SOURCE DATA.

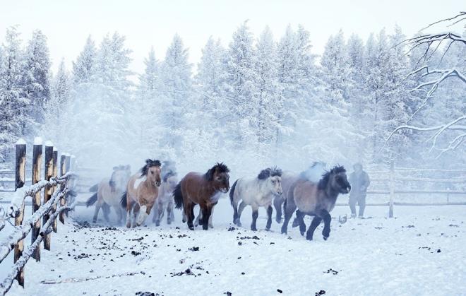 Bölgede yerli bir at ırkı olan Yakut atlarının aşırı soğuklardan dolayı üzerinde beyaz bir tabaka oluştuğu görüldü.
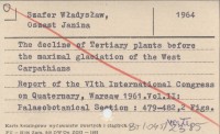 SZAFER Władysław OSZAST, Janina. ; 1964 The decline of Tertiary plants before the maximal glaciation of the West Carpathians.
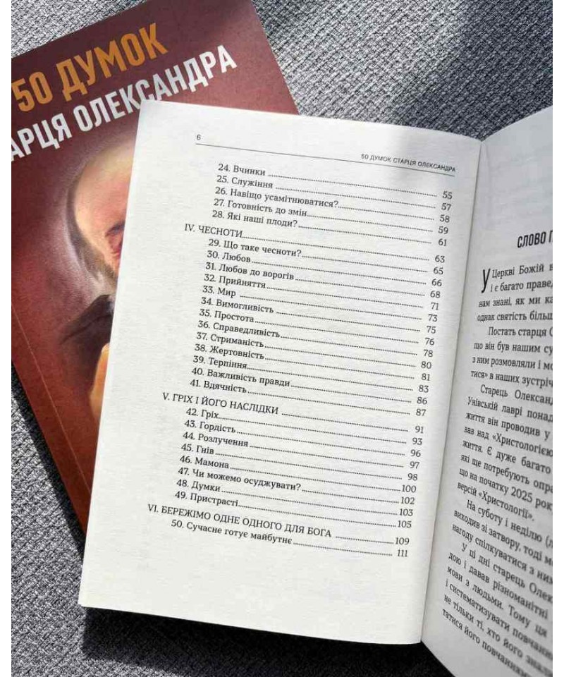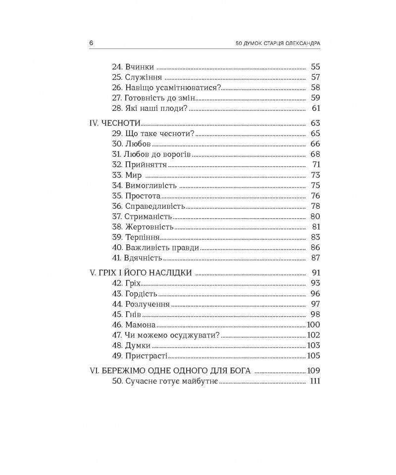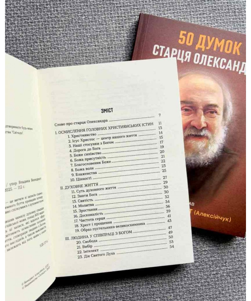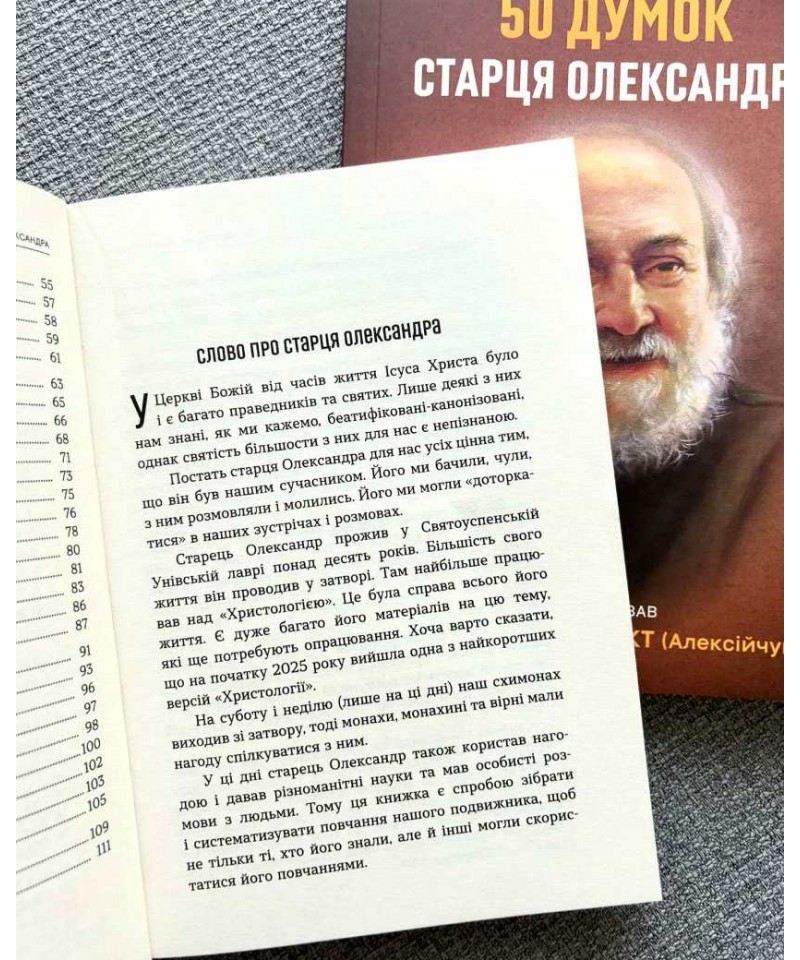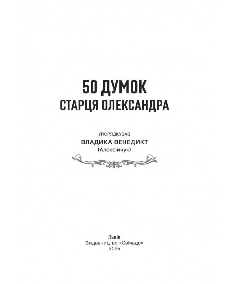 «50 думок старця Олександра» – це витяги зі записів схимонаха. Вони сформовані у шість розділів, що висвітлюють осмислення головних християнських істин, духовне життя, співпрацю людини з Богом, сутність чеснот, аналіз гріха і його наслідків, а також важливість усвідомлення того, що майбутнє залежить від того, яким є сьогодення.
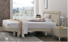 The Kryzia bed featuring textured open-pore Madreperla with refined cream inserts, and the elegant Medea bed crafted in tobacco ash. Each piece reflects Tomasella’s signature attention to detail, elevated materials, and timeless Italian aesthetics.
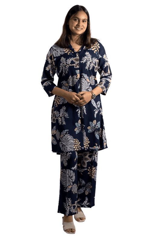 Soft Ryon Printed Navy Blue Coord Set
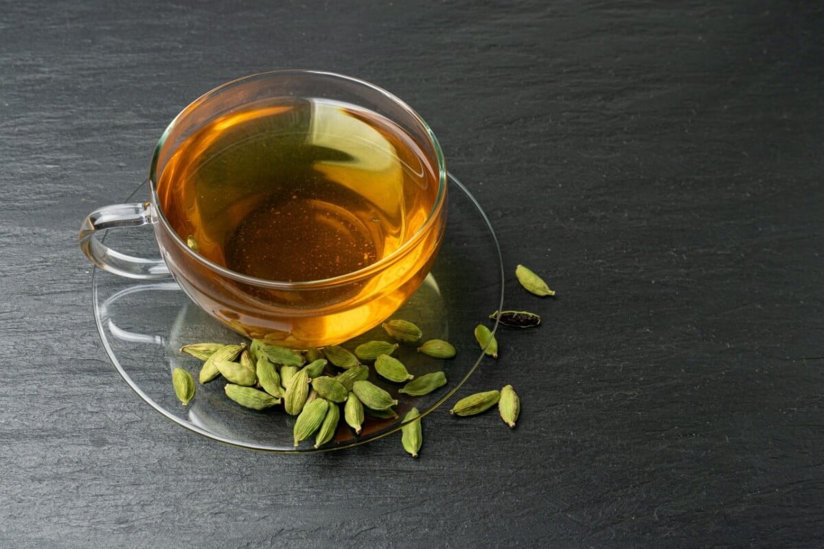 Quebre levemente as vagens de cardamomo com um pilão ou o fundo de uma colher para liberar o aroma e os óleos. Em fogo baixo, ferva a água em um bule e adicione as vagens de cardamomo. Deixe cozinhar por 5 a 7 minutos. Coe o chá em uma xícara e adoce com mel. Sirva em seguida.
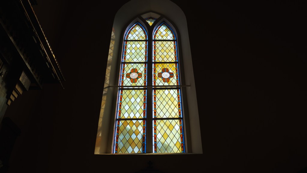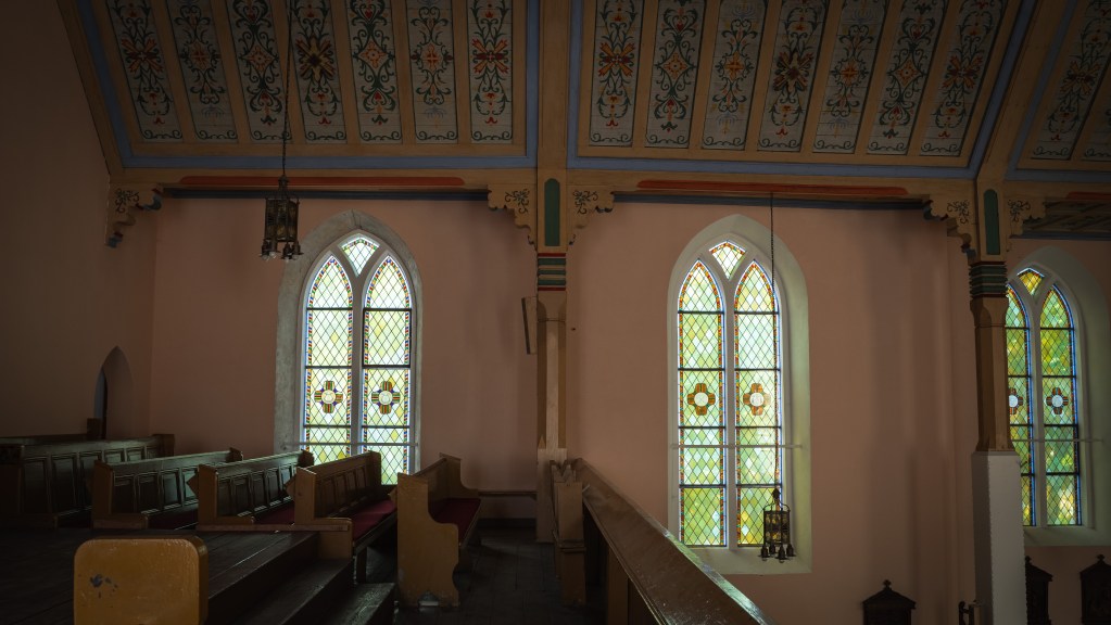Co do remontu – był jeszcze remont w roku bodaj ok. 1987 roku – wtedy też powstał witraż za krzyżem w ołtarzu głównym (wczesniej nie było tam okna), wtedy też powstały malowidła z sakramentami świętymi o których Pan pisze + pełne malowanie całego kościoła (łączniez sufitem). Kolejny remont to zakończony w 2023 – malowanie wewnątrz (bez sklepień).
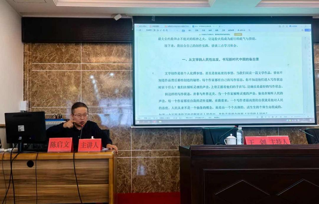 12月3日上午,汕尾市文联与汕尾开放大学联合开设专题讲座。陈启文会长以“书写新时代的备忘录、风物志和心灵史”为主题,结合自身多年文学创作经验,从文学的人民性、地域性以及从客观真实走向本质真实等方面,就报告文学创作进行专题交流。讲座内容丰富、见解独到,为作家们提供了宝贵的创作思路和方法,让大家受益匪浅。
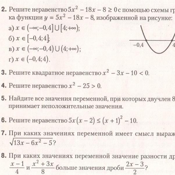2. Решите неравенство 5х2 – 18х – 8 > 0с помощью схемы графи-
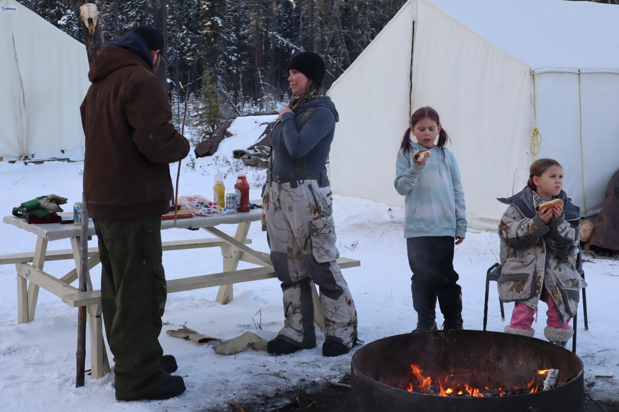The company provides transportation from Fort McMurray, including shuttle services and guided transfers via ATV or snowmobile into the camp.
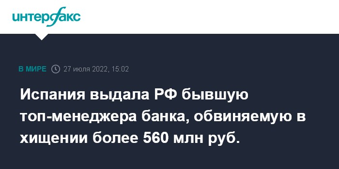 Испания выдала РФ бывшую топ-менеджера банка, обвиняемую в хищении более 560 млн руб.
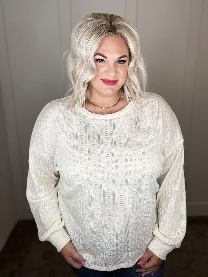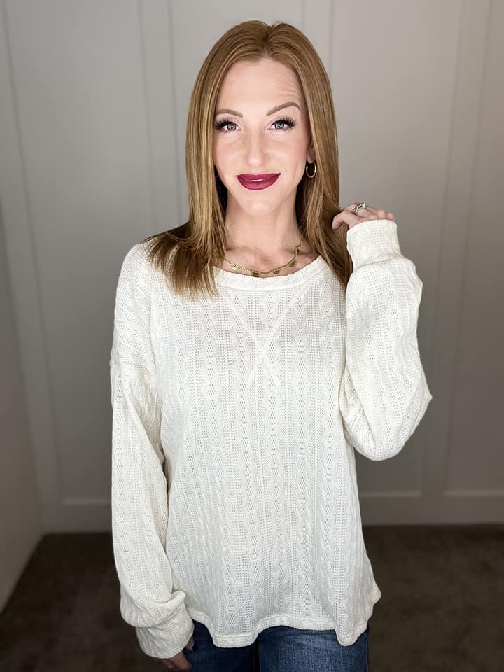 Lightweight Cable Knit Sweater in Cream
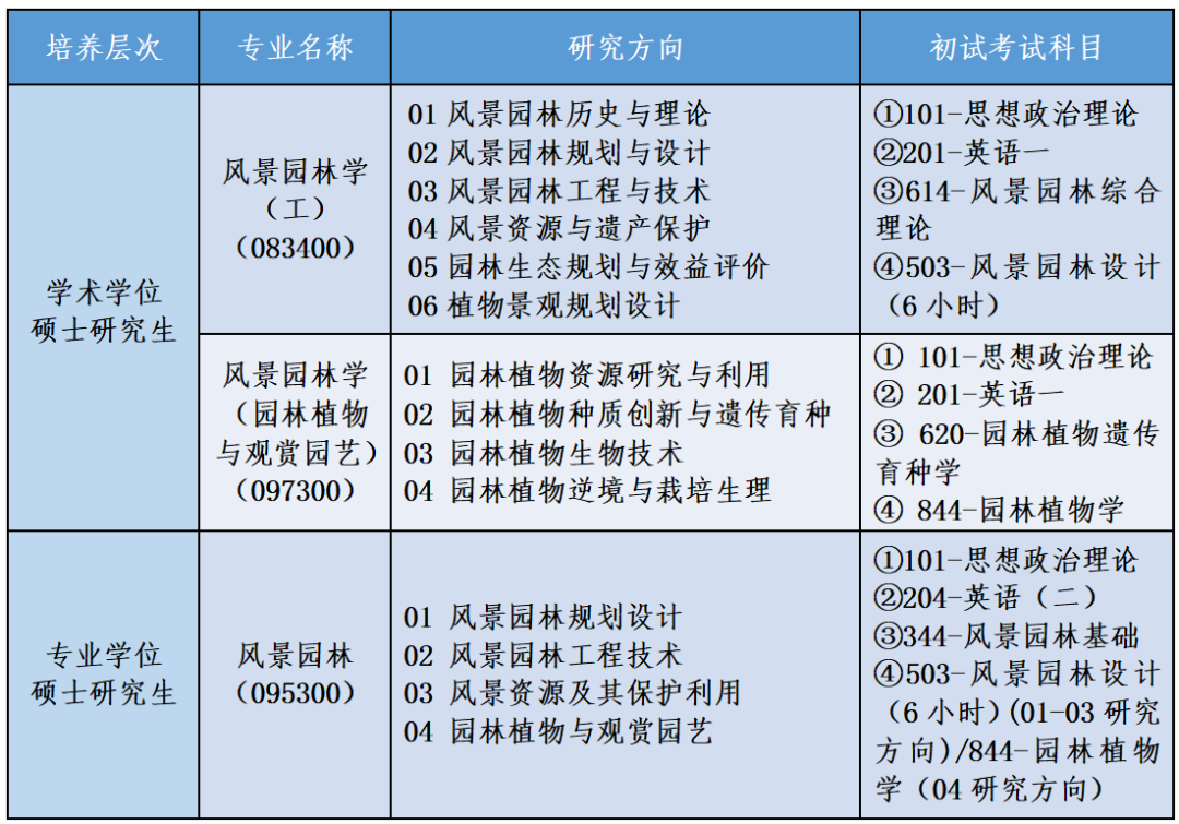 风景园林学(园林植物与观赏园艺)人文和艺术兼具、美学与底蕴并存。在这里,您将体会到“国家林草局南方园林植物种质创新与利用重点实验室”“浙江省园林植物种质创新与利用重点实验室”做科研的便利,参与到“花卉产业省级重点科技创新团队”的花卉创新之旅,感受到园林植物不同角度的探索乐趣,得到数十位具有博士学位或海外经历导师的倾心指导。
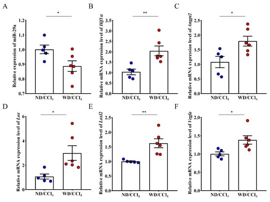 Furthermore, miR-29a decreased expression in high-risk HCC using WD/CCl4-treated mice (Figure 4A). Expanding evidence has revealed that miR-29a is indispensable in chronic liver disease [26]. We uncovered that liver tissue of mice treated with WD/CCl4 upregulated the expression of HIF-1α and Angpt2 (Figure 4B,C). This finding is consistent with liver cancer patients’ bioinformatics analysis and regulatory network, whereas Lox, Loxl2, and Vegfα mRNA expression also increased in WD/CCl4 mice rather than ND/CCl4 mice (Figure 4D–F).
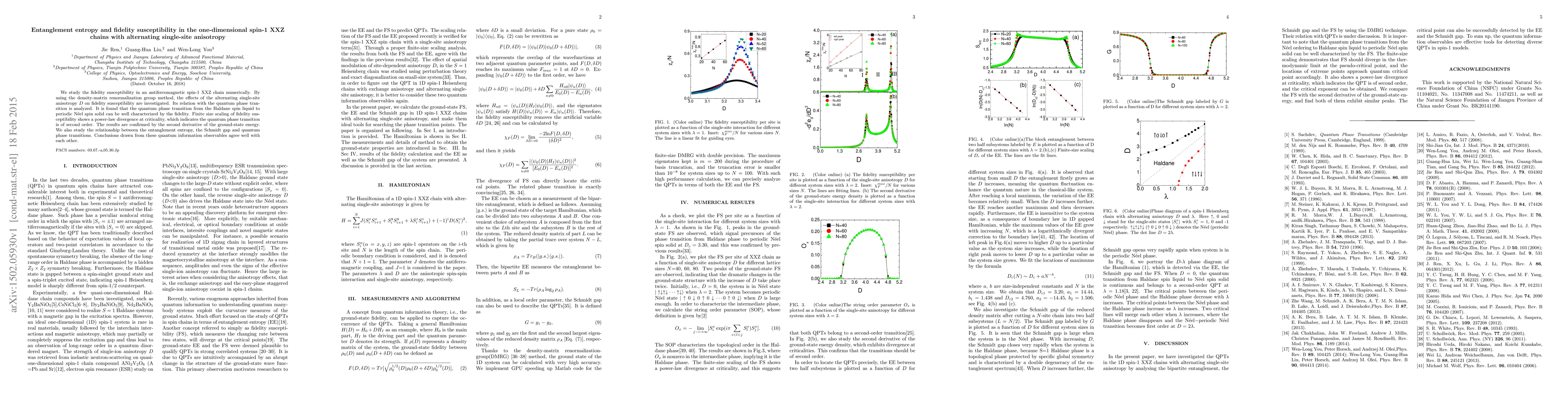 This paper investigates the fidelity susceptibility and entanglement entropy in a one-dimensional spin-1 XXZ chain with alternating anisotropy, revealing a second-order quantum phase transition from a Haldane spin liquid to a Néel spin solid. The study confirms the transition's nature via power-law divergence in fidelity susceptibility and corroborates findings with the second derivative of ground-state energy.
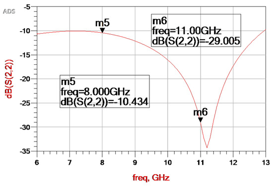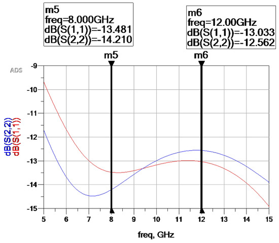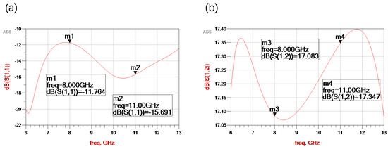 The simulation results of the circuit schematic are illustrated in Figure 23 and Figure 24. This circuit is a low-noise amplifier operating in the frequency range of 6–13 GHz. As can be observed from the figures, both S11 and S22 of the simulation results are less than 10 dB within the operating frequency band. The simulation result of S12 is around 17 dB, demonstrating the high potential of this design chip.
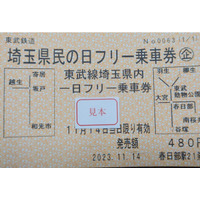 埼玉県内の東武線が乗り降り自由 11月14日(火)埼玉県民の日にご利用いただけるフリー乗車券…
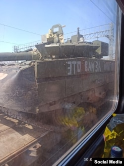 Этот же пользователь "ВКонтакте" (из хронологии снимков в его профиле следует, что он ехал из Крыма в центр России) выложил фотографию еще одного танка Т-80, но уже в более современной модификации "БВМ". Геотег в публикации указывает на то, что фотография была сделана на станции Кутейниково в Ростовской области. На борту танка написано "Это вам за ми…" – часть букв разобрать невозможно. Судя по всему, машина уже побывала в боях – однако по снимку сложно с определенностью сказать, в каком направлении следует состав.

INSTRUCTIONS FOR THE TASK.
Starting at the line containing "The Kryzia bed" and stopping at the line containing "Co do remontu", output each line exactly as it appears above. Leave out the pictures.

SOLUTION TO THE EXERCISE.
 The Kryzia bed featuring textured open-pore Madreperla with refined cream inserts, and the elegant Medea bed crafted in tobacco ash. Each piece reflects Tomasella’s signature attention to detail, elevated materials, and timeless Italian aesthetics.
 Soft Ryon Printed Navy Blue Coord Set
 Quebre levemente as vagens de cardamomo com um pilão ou o fundo de uma colher para liberar o aroma e os óleos. Em fogo baixo, ferva a água em um bule e adicione as vagens de cardamomo. Deixe cozinhar por 5 a 7 minutos. Coe o chá em uma xícara e adoce com mel. Sirva em seguida.
Co do remontu – był jeszcze remont w roku bodaj ok. 1987 roku – wtedy też powstał witraż za krzyżem w ołtarzu głównym (wczesniej nie było tam okna), wtedy też powstały malowidła z sakramentami świętymi o których Pan pisze + pełne malowanie całego kościoła (łączniez sufitem). Kolejny remont to zakończony w 2023 – malowanie wewnątrz (bez sklepień).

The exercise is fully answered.